Jakobson, Roman 1971d. Retrospect. In: Rudy, Stephen (ed.), Selected Writings II: Word and Language. Second edition. The Hague; Paris: Mouton, 711-724.
It was, one may say, the most prescient forerunner of modern linguistics among scholars of the late nineteenth century, Mikołaj Kruszewski, who in 1882 wrote to Jan Baudouin de Courtenay that in addition to the extant science of language it is necessary to establish and develop "a new one, more general" and definable as "a certain kind of phenomenology of language". According to the proponent, "the permanent foundations of such a science are to be found in language itself". The young linguist must have detected the concept of phenomenology in Eduard von Hartmann's Phänemenologie des Unbewussten (1875), which H. Spiegelberg's History of The Phenomenological Movement (1965) views as "an isolated landmark on the way from Hegel to Husserl". Kruszewski's earlier statements disclose that it was the "unconscious character" of linguistic processes which evoked his "magnetic attraction" to the logic of language and to the problem of general linguistic laws. (Jakobson 1971d: 714)
If one can dream of one day reading Marty, one can also dream of reading this.
Finally, our links with the so-called Prague school of psychology and with its initiator, C. von Ehrenfels, the first propounder of the focal concept and label Gestalt, certainly left their imprint on the upgrowth of the Prague Linguistic Circle. (Jakobson 1971d: 716)
The uniformity of the code, "sensibly the same" for all the members of a speech community, posited by the Cours and still recalled from time to time, is but a delusive fiction; as a rule, everyone belongs simultaneously to several speech communities of different radius and capacity; any overall code is multiform and comprises a hierarchy of diverse subcodes freely chosen by the speaker with regard to the variable functions of the message, to its addressee, and to the relation between the interlocutor. In particular, the subcodes offer a scale of transforms ranging from explicitness to the gradual degrees of phonological, grammatical, and narrational ellipsis. When one-sided concentration on the cognitive, referential function of language gave way to an examination of its other, likewise primordial, underivable functions, the problems of the code-message relationship showed much greater subtlety and multivalence. (Jakobson 1971d: 719)
And yet another iteration of permanent dynamic synchrony.
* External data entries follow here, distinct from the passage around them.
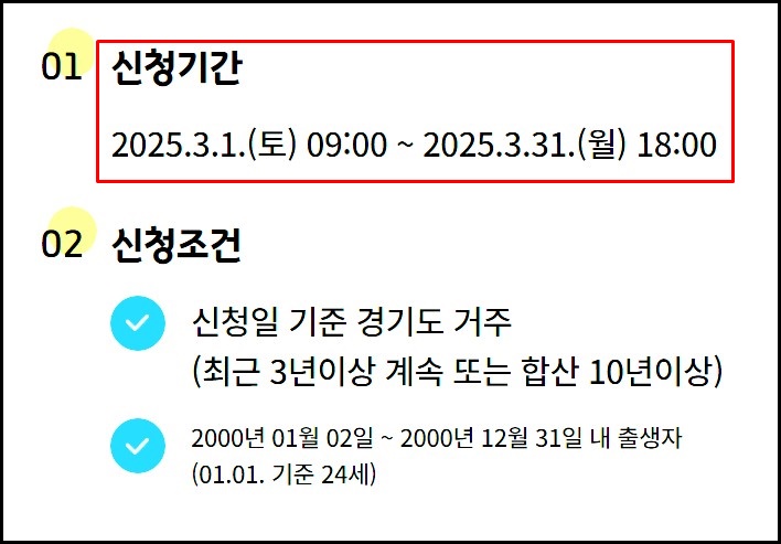 - 경기도 청년기본소득 1분기 신청기간: 2025년 03월1일 ~ 2025년 03월31일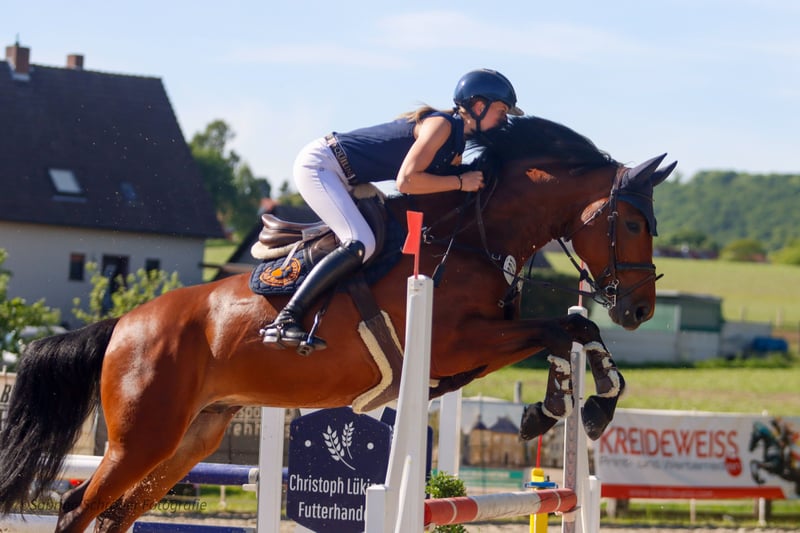 À vendre : un hongre de 6 ans issu de l’élevage Glasgow x Piano, directement acheté chez l’éleveur. Galico recherche un joli foyer où son talent en saut d’obstacles pourra être reconnu et exploité. Il est résistant nerveusement, facile à vivre, et s’entend particulièrement bien avec les autres chevaux en pâture. Il a été présenté en saut d’obstacles jusqu’au niveau Saut d’obstacles pour jeunes chevaux L et a obtenu plusieurs places en Saut d’obstacles pour jeunes chevaux A** / Saut d’obstacles A. Il a été monté par un jeune cavalier de 14 ans. Galico présente un léger handicap : il souffre de spasmes de jeunesse, mais cela ne pose aucun problème en lien avec cette condition. Cela a été vérifié en 2024, Galico a été entièrement examiné, et aucun autre problème n’a été détecté. Pour toute question supplémentaire, merci de contacter par téléphone au 0152 575 04658.
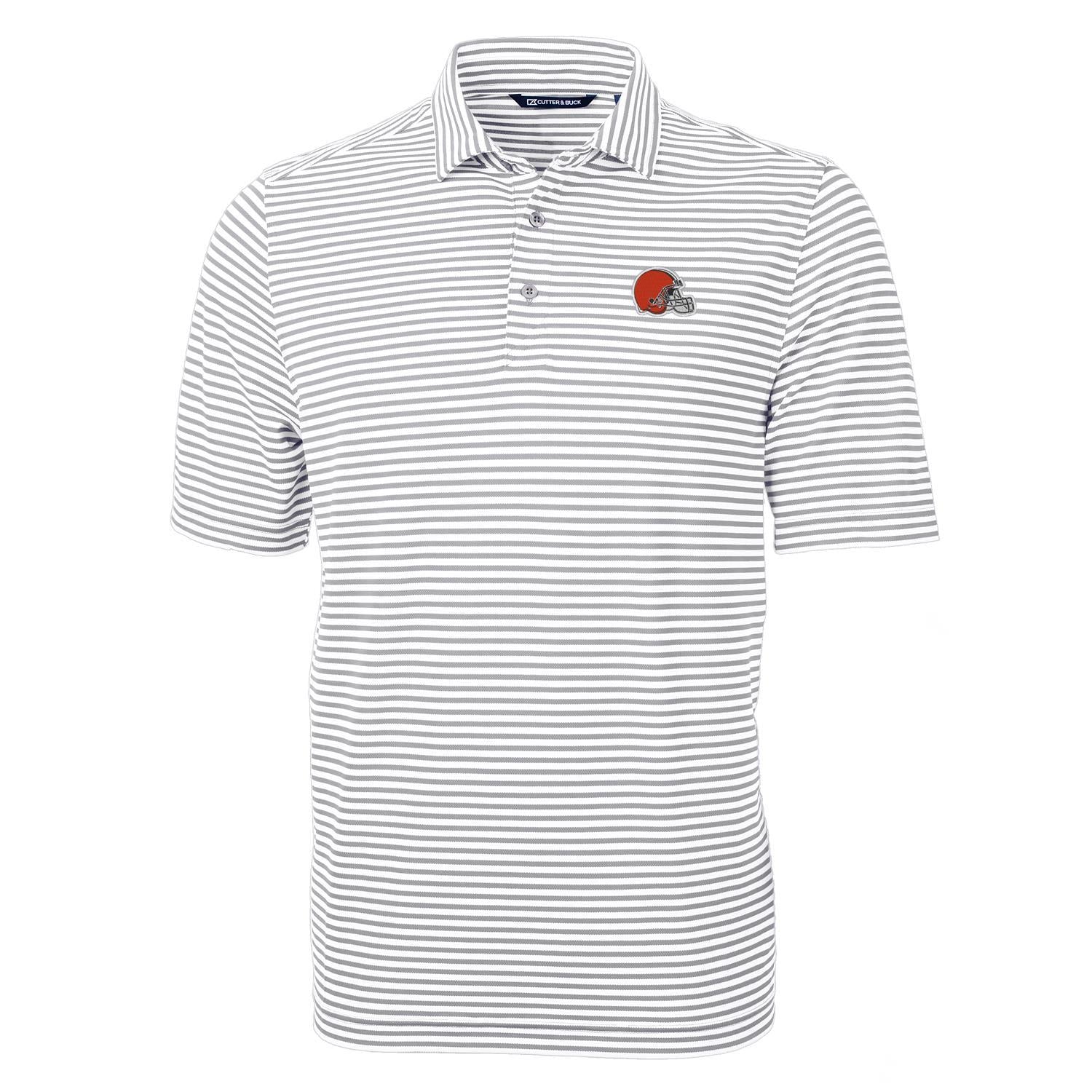 Men's Cutter & Buck Gray Cleveland Browns Virtue Eco Pique Stripe Recycled Polo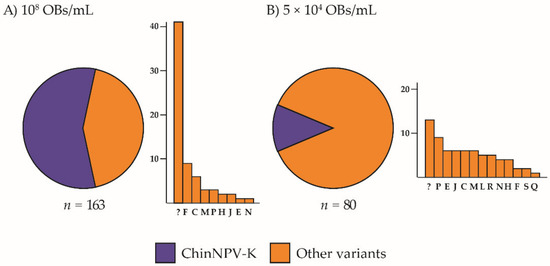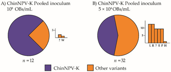 The OB samples collected following the inoculation of larvae with ChinNPV-K at the lower concentration (5 × 104 OBs/mL) were pooled and used to inoculate new batches of larvae at two inoculum concentrations to determine whether the ChinNPV-K variant could be recovered by a single passage of pooled OB samples. The REN profile of the pooled OB sample was identical to that of the ChinNPV-K variant profile. When pooled OBs were used to inoculate larvae at the higher concentration (1 × 108 OBs/mL), 9 out of 12 virus-killed larvae (75%) presented the ChinNPV-K variant profile, whereas the remaining 3 larvae (25%) presented two different variant profiles (Figure 5A). When pooled OBs were used to inoculate larvae at the lower concentration (5 × 104 OBs/mL), the ChinNPV-K variant was again the most prevalent profile present in 14 out of 32 larvae (44%) of the total recovered genotypes. The remaining 18 insects (56%) presented one of six different variant profiles in different frequencies (Figure 5B). These results suggest that: (i) pooling the OBs of multiple variants may result in a variant K-type consensus REN profile and (ii) that the pooled OBs behaved similarly to pure ChinNPV-K variant inoculum in that the ChinNPV-K variant profile predominated in most larvae that died from high concentration pooled inoculum, whereas considerable diversity was observed in larvae that died from low concentration pooled inoculum.

Hence, no changes can be understood or interpreted without refernece to the system which undergoes them and to their function within this system; and, vice versa, no language can be fully and adequately described without an account of its changes in progress. Saussure's "absolute prohibition to study simultaneously relations in time and relations within the system" is losing its validity. Changes appear to pertain to a dynamic synchrony. [↩] The diachronic linguistics of today examines the succession of dynamic synchronies, confronts them, and, in this way, delineates the evolution of a language in a wider historical perspective, with due attention not only to the mutability of the linguistic system but also to its immutable, static elements. The concentration upon the system and the application to diachrony of the same analytic principle as those employed in synchrony has enabled the diachronic research of our time to achieve impressive results in the field of internal reconstruction; and, on the other hand, when focusing upon the historical stratification of linguistic systems, explorers observe new, significant affinities between this stratification and the synchronic patterning of language. (Jakobson 1971d: 721)
I think I finally figured out what I can use PDS for - a metatheoretical system of phaticity.